# Larkin bottles



## Digswithstick (Dec 15, 2009)

Hi ,been quite a while since posting .Grandchild number 2 born nov. 24,working hunting fishing looking for glass and stone artifacts,so much to do so little time lol . This is the Larkin bottles group shot ,two were given to me by forum members and a third one offered to me but my wife picked up same bottle for me at a sale,thankyou though.Would enjoy seeing pictures of any others,thanks


----------



## Digswithstick (Dec 15, 2009)

Larkin bottles from forum members ,thanks again


----------



## Digswithstick (Dec 15, 2009)

Close up of lable


----------



## Digswithstick (Dec 15, 2009)

Stopper wrong color but right type stopper i think


----------



## Digswithstick (Dec 15, 2009)

Larkin milkglass


----------



## Digswithstick (Dec 15, 2009)

Larkin Soap Co


----------



## Digswithstick (Dec 15, 2009)

Larkin screw top


----------



## RedGinger (Dec 15, 2009)

Hey Rick!  Long time, no see.  Congrats on your new Grandchild!  I hope we can all get together to dig again this spring.  I had so much fun arrowhead hunting with you.  That was the best!  I'm looking for places around here to do that.  No luck yet.  
 I like your emerald Larkin bottle a lot.  I think Madpaddla had a similar or the same one.  Nice pictures.


----------



## capsoda (Dec 15, 2009)

That is a good collection of Larkin bottles Rick. Didn't know there were that many different Larkin bottles.


----------



## madman (Dec 15, 2009)

hey rick i didnt know you were looking for larkin bottles ill keep my eyes open  here a few of mine


----------



## Digswithstick (Dec 15, 2009)

Hi Laur ,thanks for congrats.Would be great to hunt for points and dig again with you and Joe and maybe Fred and Tom could come too,i am still working on getting back in to the big dump i told you guys about maybe with any luck by spring .Thanks Warren and Mike ,thanks for posting yours Mike .


----------



## JOETHECROW (Dec 15, 2009)

When my Mom was a young girl ( ten or eleven years old) It would have been in the early 30's,.... Her family was so poor she had to go live with her great aunt on their farm.My mom and her brother had to do the farm work and so forth, but the great aunt sold parakeets, and Larkin soap products for extra cash...My mom said she had an attached room just for that. Oh, and the kids sold Cloverine salve door to door too.[]                                                                Joe


----------



## Plumbata (Dec 15, 2009)

There was a Larkin warehouse/depot in Peoria back in the day, so their bottles show up pretty regularly around here. I have a few not pictured that i may round up and post if I remember. They are pretty interesting as far as post-toc cosmetics/soaps go.

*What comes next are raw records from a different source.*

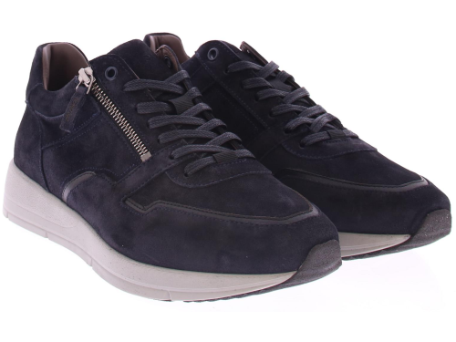 Donkerblauwe suède heren sneaker van Greve. Gemaakt van hoogwaardig blauw suède met diverse stiksels en panelen, zijn deze sneakers perfect voor elke gelegenheid. Dit model komt in een bredere K-leest.
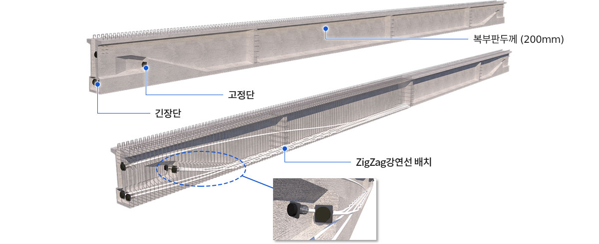 하단부 강연선의 ZigZag 배치를 통한 압축응력 감소 유도
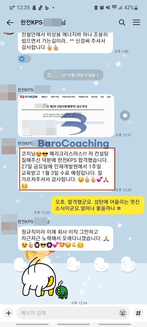 바로코칭에서 컨설팅 받은 학생의 한전KPS 면접 합격 후기입니다.

 I have one almost identical to the center bottle posted by madman that has a sweet birdswing in it, separated diagonally (due to cooling and cavity expansion issues) but not broken or missing glass as far as I can tell.


----------



## privvydigger (Dec 16, 2009)

Everytime I think I have them all another one pops up...these are all Larkin's


----------



## privvydigger (Dec 16, 2009)

big ones too!


----------



## privvydigger (Dec 16, 2009)

medium sizes
 I don't know why I started collecting them....but I've never seen more varients in any other bottle or product


----------



## Digswithstick (Dec 16, 2009)

Wow, privvydigger that is a serious Larkin collection ! Have you counted how many variants you have ?Thanks for posting those !Antiquenut i have a green slick like yours too minus the top ,no Larkin marks so i am not sure it is,the clear one i posted with lable has no Larkin embossing either.


----------



## privvydigger (Dec 16, 2009)

I have so many & I know everyone I have says Larkin, Larkin Soap, Larkin Soap Co. and so on and so forth.  The Large round one is the rarest I believe...well maybe one of the earliestoldest.  The whole Larkin story is online and believe it or not some famous architect built homes for them.  Looks like the shelf needs a dusting so maybe I'll take them out, line em up for a pic.  Who else is collecting these.... the new guy?
 I'd be more than happy to get rid of a few old ones I have in doubles.


----------



## Digswithstick (Dec 16, 2009)

I would be interested in trading for or buying any doubles you want to part with. I believe we have already done some trading(coal tag) .Would definitely like to see a line up ,thanks


----------



## privvydigger (Dec 16, 2009)

oh thats right......I'll get a few out I know I have doubles out and get a pic on...
 Did you notice there are only two maybe three aqua Larkins most are clear?


----------



## JOETHECROW (Dec 16, 2009)

I've seen many, many Larkin bottles, being adjacent to Buffalo NY,...but I don't think I've ever seen so many in one group! Heckuva bunch of Larkins there privvydigger, how long did it take to amass those?[8|]                                                                    Joe


----------



## Digswithstick (Dec 16, 2009)

Did not notice that about the aqua(except that i had not found any)  until you mentioned it,wonder why that is ?


----------



## privvydigger (Dec 16, 2009)

here's some traders or you can buy which ever you prefer
 The big one 8.25'' is mint just minimal staining.  The largest I ever found. All are no chips,cracks or dinks.  Just haze and staining.  All are embossed
 Hey digs, there all from coalcracker country....Can't confirm but most probably one of these bottles was used by a mollie maguire and all used by hard workin coal miners and their kin.  
 When the wind blows..........


----------



## privvydigger (Dec 16, 2009)

forgot the pic


----------



## privvydigger (Dec 16, 2009)

Ok the last one was a bad attempt at a line up of big ones
 here's the traders


----------



## privvydigger (Dec 16, 2009)

6 years how long or how much is that in dirt years


----------



## Digswithstick (Dec 16, 2009)

Privvydigger,i would be interested in all of them except second from left ,ithink i have that one not sure though.Shoot me a pm with want you might want in trade or  a price ,thanks much


----------



## madman (Dec 18, 2009)

2 MORE


----------



## privvydigger (Dec 18, 2009)

thats a new varient on the left to me


----------